Tans, you better answer another innocent question: why did you stop beating your spouse?
I think that.....Well, I think nothing.Who knows?
The first part was government funded. People can do what they want with their own money. Thats why I fought for this country.
If biden wins, I can see babies continuing to be killed before birth. I can see US cowaring when it comes to China and continuation of intellectual property stolen. The giving of money to Iran will start again even though they have said the want the US and Isreal destroyed.
If Biden wins, companies win because they use China cheap labor. Usa labor is expensive. They bring back only a few jobs compare to the benefits they got.
You foolish, Then USA will be destroyed by the others country china cheap labor, like china now destroyed us by the coronavirus, after biden wins china will get chance to destroyed us completly By there cheap labor, then usa people can not get much job. So tell me this is good for usa or bad ?? Use your brain democrats supporters
But I can feel some good energy flows from Joe Biden, I'm Indonesia and I am a trader of XAUUSD so The U.S Presidential Election is always make me so excited! 👨🏻‍💻
Indonesian
Investing.com part of MSM
“All facts I don’t like are fake.”
Trump will receive more in stimulus in 2020 than he will pay in taxes and Republicans still think he is good for the economy?

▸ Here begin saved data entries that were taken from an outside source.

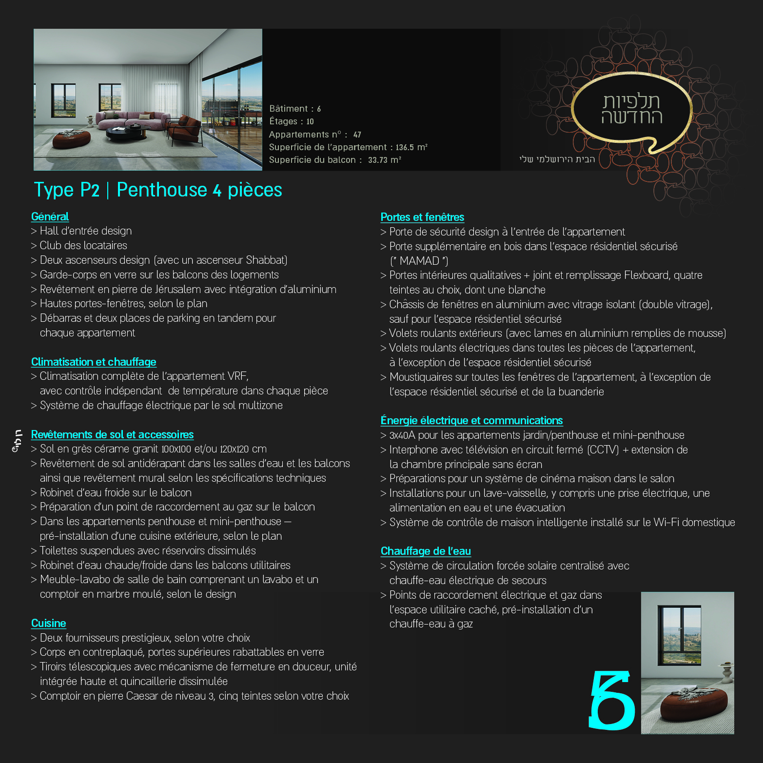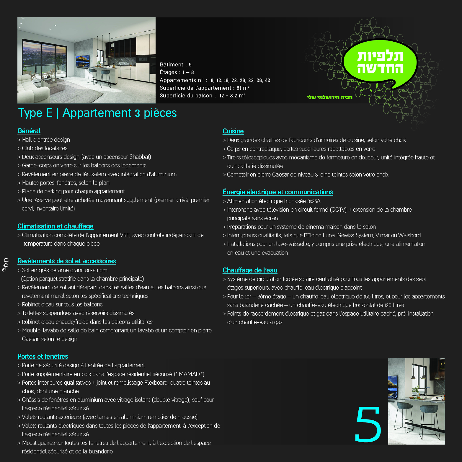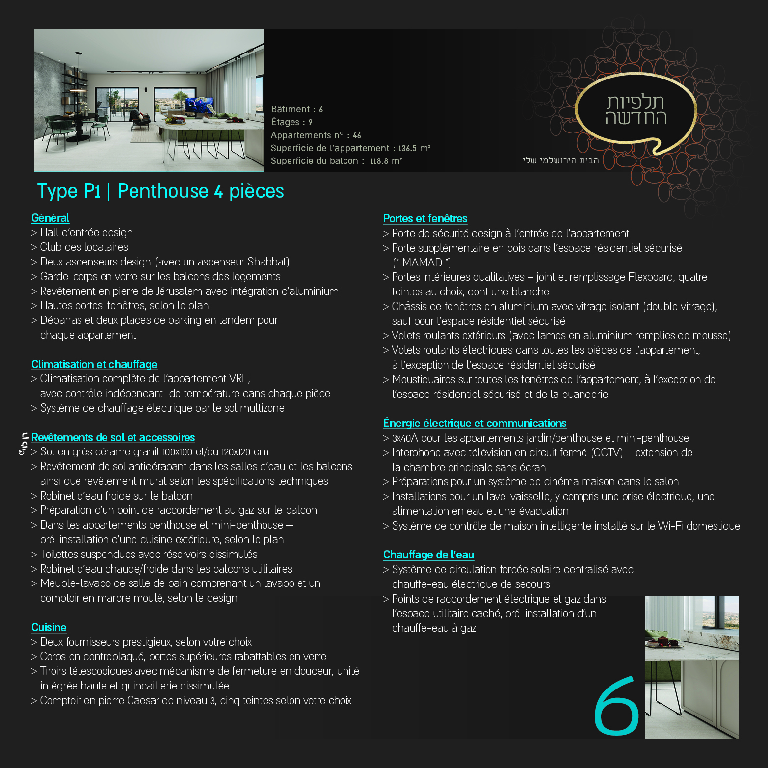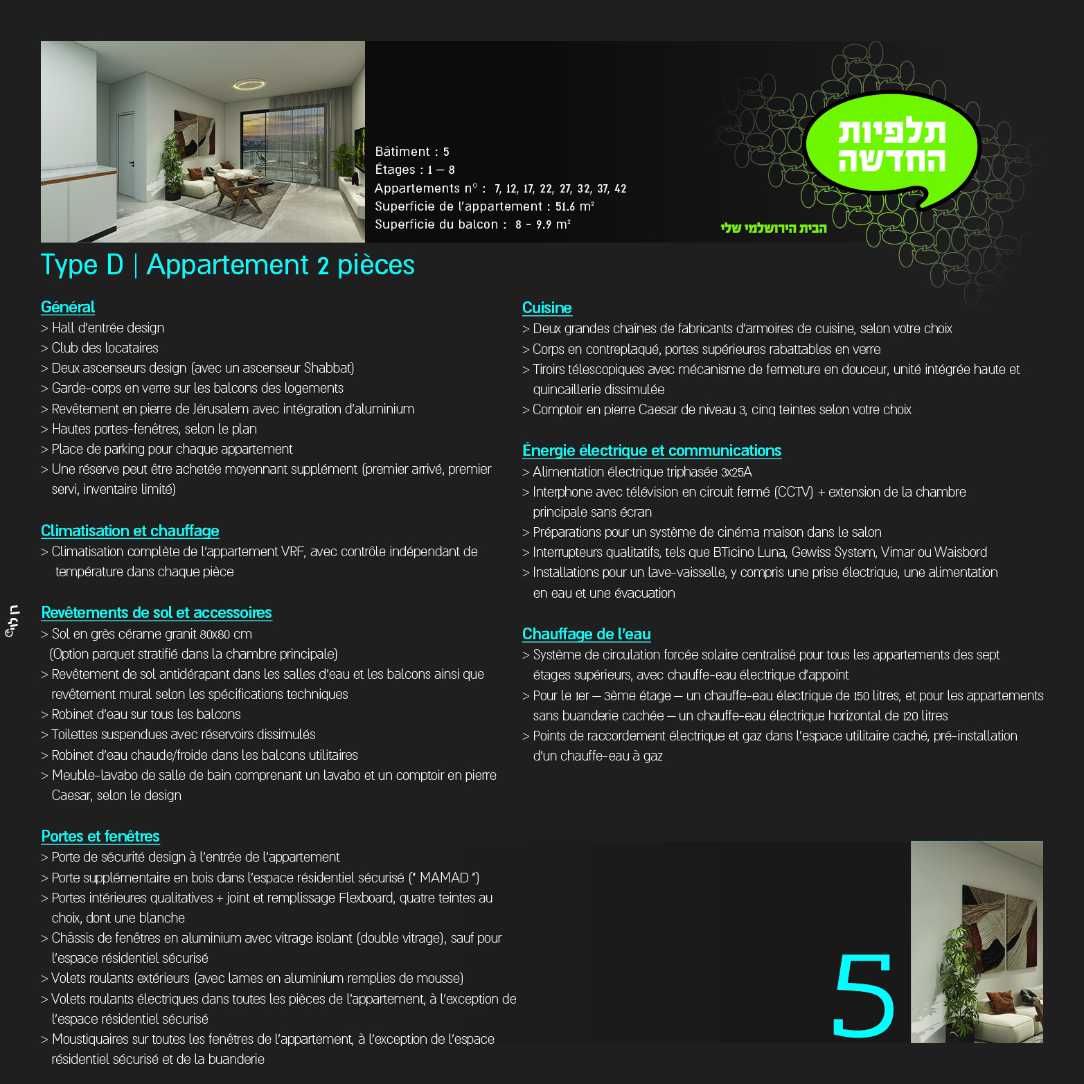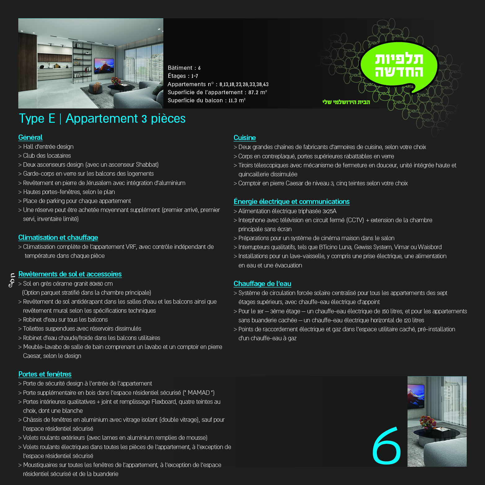 Nous sommes ravis de vous inviter à adhérer au projet « New Talpiot » 2ème étape, conçu par le cabinet international d’architectes Mann Shin’ar, et à rejoindre la communauté de qualité qui s’est formée à la première étape. Les locataires profiteront d’un lobby de grand luxe conçu par l’architecte de renommée internationale, Nir Portal, d’une place dans le parking souterrain et d’un entrepôt. Au cœur du projet, il y aura un parc luxuriant avec jeux pour enfants, avec le prestigieux STREET MALL à proximité. Le projet comptera 8 immeubles de grand luxe avec des appartements de 2 à 5 pièces, des appartements-jardin, des mini-penthouses et des penthouses. Les 4 immeubles de la première étape ont déjà été emménagés et les 2 immeubles de la 2ème étape sont en cours de commercialisation.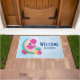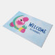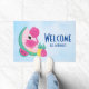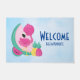 Un tapis de bienvenue avec votre nom personnalisé. Illustration aiguë d'un flamant rose avec quelques pastèques et ananas. Couleurs rose et vert. L'été et tropical. L'arrière - plan est une aquarelle bleu clair.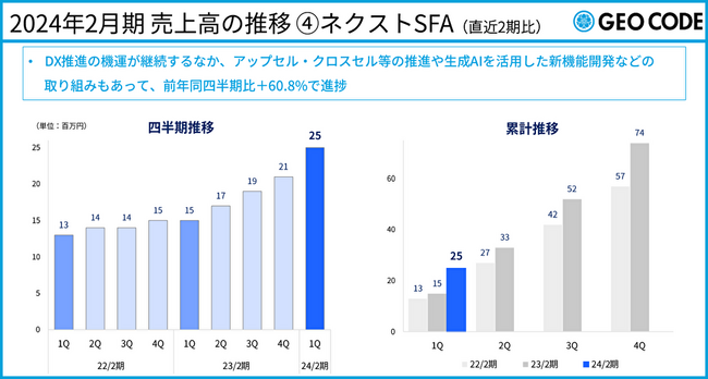 会社全体では、当第1四半期期初に発覚した不正事案への対応等の影響もあって、売上高359百万円(前年同四半期 362百万円)、営業損失30百万円(前年同四半期営業利益 8百万円)、経常損失25百万円(前年同四半期経常利益 16百万円)、四半期純損失16百万円(前年同四半期四半期純利益 10百万円)となりましたが、DX推進の機運が継続するなか、ネクストSFAは、アップセル・クロスセル等の推進や生成AIを活用した新機能開発などの取り組みもあって前年同四半期比+60.8%と順調に進捗しています。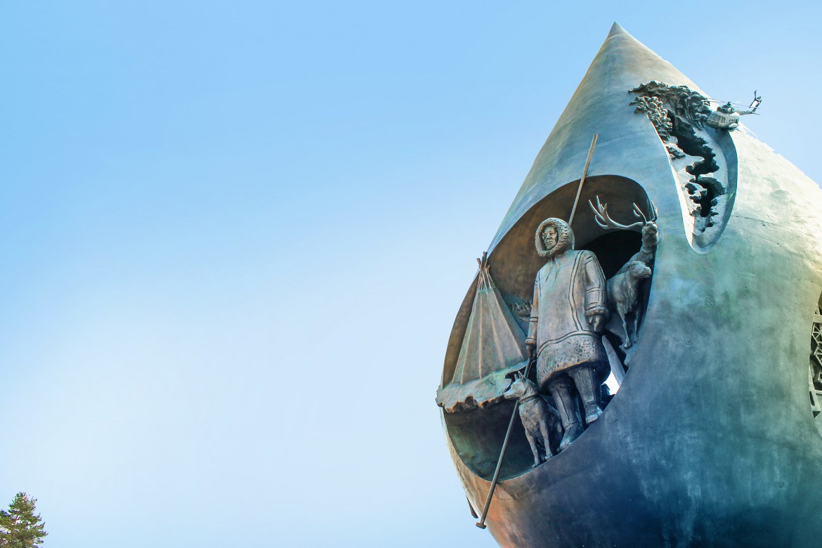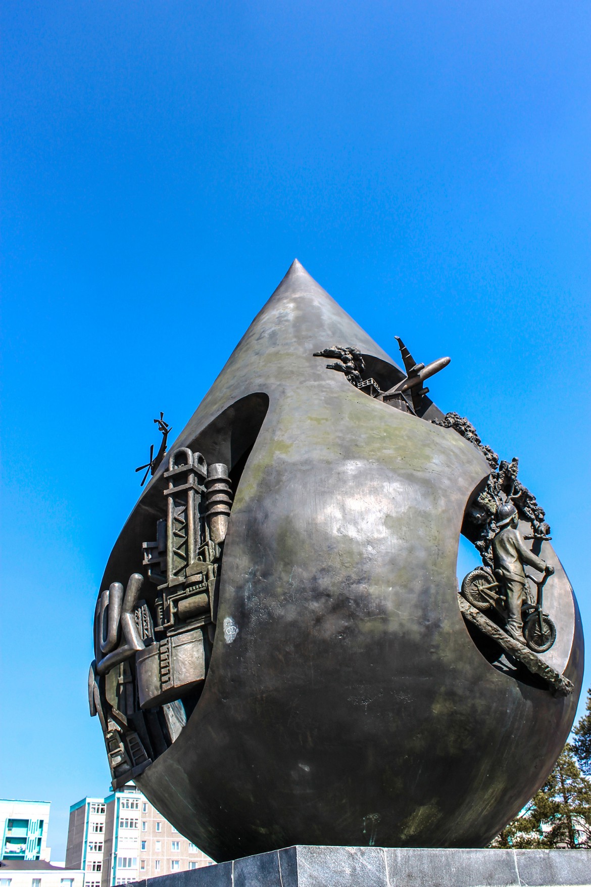 Общая высота скульптурной композиции 8,5 м. На стилизованных гранях нефтяной капли представлены сюжеты из жизни таежного города - молодожены на пороге ЗАГСа, коренное население, северный народ, ханты, счастливые дети, нефтяная промышленность, природа.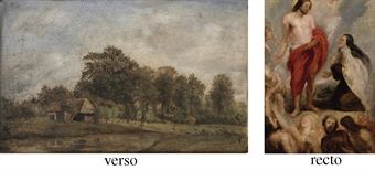 | Saint Theresa interceding for Bernardino de Mendoza, after Rubens (recto); and A wooded landscape with a cottage beyond (verso) | |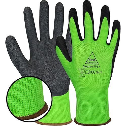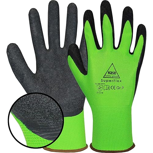 10 Paar Hase Superflex Arbeitshandschuhe mit Latexbeschichtung, Rutschfeste Gartenhandschuhe, Angenehmer, Ideal für Handwerk, Gartenarbeiten, Industrie Grün Gr. L (09)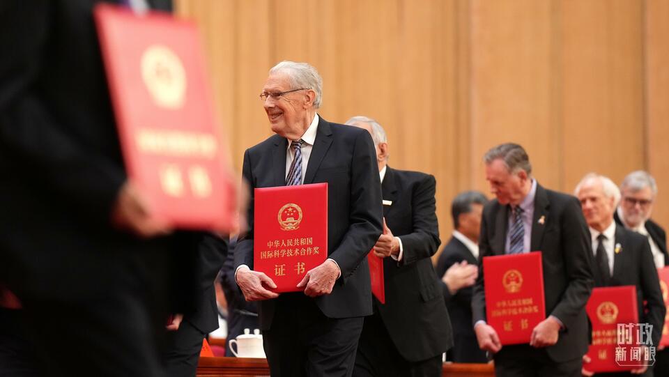 △获奖的外籍科技工作者,奖章的背面刻有获奖者姓名。(总台国广记者李晋、央视记者姚瑶拍摄)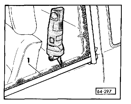 - Cut off adhesive sealing compound -1- (with glass residue) using electric cutting tool VAG 1561, or equivalent, and knife blade VAG 1561/9 (with stop roller).

Literal insanity.
So we want a president that will increase taxes on capital gains???
This nation’s federal debt cannot be ignored any longer. If you watched the bond market in the last five minutes of Friday’s “pump,” you should be scared shirt-less.
Hahaha, aight good luck
Typically misleading coverage. “Blue sweep”, in reality, would mean higher taxes both on companies and stock investors. Any impersonal market observer could see it.
We are way past impersonnel anyrhing with the media.
middle of the road statement is no place to be, during days like these
 typically non-sensical reply. I talked about real businesses and real stock investors that would pay higher taxes under biden. Obviously, you cannot stand this simple truth and have to come up with totally unrelated remark.